See CHANGELOG.md for the full list.

⚠️ Authorized-lab / lawful use only. Dangerous RF capabilities are labeled and gated, never removed; broadband jamming is excluded per 47 U.S.C. §333 / FCC.

Cyber Controller v1.0.0 — First Official Release

Cyber Controller v1.0.0

The first official release of Cyber Controller — the all-in-one security hardware controller for cyberdecks and field deployments.

Highlights

• 18+ firmware profiles across 4 backends (esptool, qFlipper, ADB, SD image)
• 7 protocol parsers with 250+ commands (Marauder 73, GhostESP 41, ESP32-DIV 60+, Bruce, Flipper, HaleHound, Meshtastic)
• 4 UI modes — PyQt5, Tkinter, Textual TUI, Flask+SocketIO web remote
• Hardware-validated flash core — per-chip bootloader offsets, --flash_size detect anti-brick, chip auto-detection
• Cross-device coordination — shared target pool, event bus, auto-routing rules, TargetIngestor closes the loop
• Suicide Marauder integration — password/duress provisioning, dead-man switch setup from the dashboard
• Security hardened — 15 red-team findings fixed, AES-256-GCM mandatory, scrypt web auth, SSRF hardening, CSRF protection

Install

pip install .              # core (PyQt5 + esptool)
pip install ".[full]"      # all UIs (+ Textual TUI + Flask web)
cyber-controller --ui qt   # launch PyQt5 GUI

Testing

111 tests passing across 9 modules, including hardware-validated live cross-comm tests.

Links

• Website
• ESP32 Marauder Tools Hub
• Portfolio

v0.3.0 — Flagship overhaul (flash core, security, 18 firmwares)

Cyber Controller v0.3.0

Flagship overhaul — the convergence of Headless Marauder GUI, Universal Flasher, and Universal
Flasher & UI into one hardened controller. Flash. Control. Coordinate.

Highlights

• Hardware-validated flash core ported from the proven lineage: chip auto-detect, the
  --flash_size detect anti-brick path, correct per-chip bootloader offsets (incl. ESP32-C5
  0x2000), child-kill-on-error.
• Fixed a silent flash bug — profiles previously produced an esptool call with zero binaries.
• Real backends wired — ADB (RayHunter/Orbic), SD-image (Pwnagotchi/RaspyJack/Kali), backup +
  restore, batch flash; recovered Bruce/Flipper/HaleHound/Meshtastic protocol parsers + registry.
• 18 firmware profiles (URL corrections + new RayHunter/Pwnagotchi/RaspyJack/Kali) and expanded
  M5 / LilyGo / CYD / C5 boards.
• New tabs — Settings, Cross-Comm (target pool + auto-routing), Targets.
• Security hardened (all critical/high audit findings, red-team-verified): authenticated
  WebSockets + CSRF + CORS allowlist + rate-limit + localhost-default bind + no default creds;
  SSRF allowlist + SHA-256 firmware pinning; AES-256-GCM fail-closed storage; injection/XSS fixes.
• Docs: SECURITY.md, docs/RED-TEAM.md (AI-codegen threat model), docs/WEBSITE-SECURITY.md.

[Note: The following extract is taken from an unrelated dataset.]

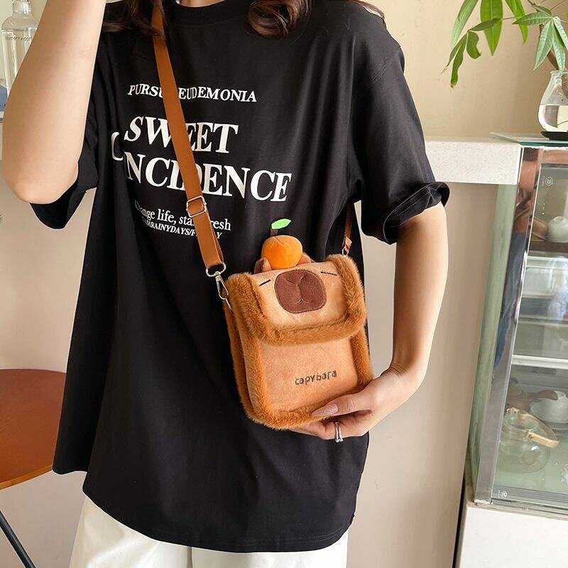 Découvrez ce sac à bandoulière adorable en forme de capybara. Parfait pour ajouter une touche ludique à votre tenue quotidienne. Fabriqué avec une texture douce et accentué par un charmant pompon orange. Idéal pour les sorties décontractées ou pour les amoureux des animaux. Pratique, léger et facile à assortir pour tout âge.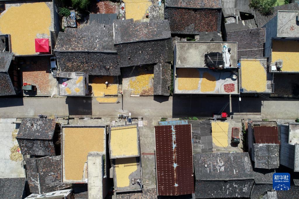 9月2日,村民在貴州省黔東南苗族侗族自治州丹寨縣龍泉鎮得祿村晾曬農作物(無人機照片)。

Validation status — flash path hardware-validated ✅

The full flash path was validated on a real ESP32 (ESP32-D0WD-V3, 4MB): device detection + USB
autodetect, chip identification, a full-flash backup (read_flash), and a complete
download → write_flash -z --flash_size detect (bootloader/partitions/boot_app0/app at the correct
offsets) → every region hash-verified of ESP32 Marauder v1.12.1 — the board reboots into Marauder
and responds to serial commands. Still pending validation: the PyQt5 GUI runtime, other chip
families (S3 / C5 / C-series), and the ADB / SD-image / qFlipper backends. Run
pip install -e .[dev] && pytest to exercise the test suite.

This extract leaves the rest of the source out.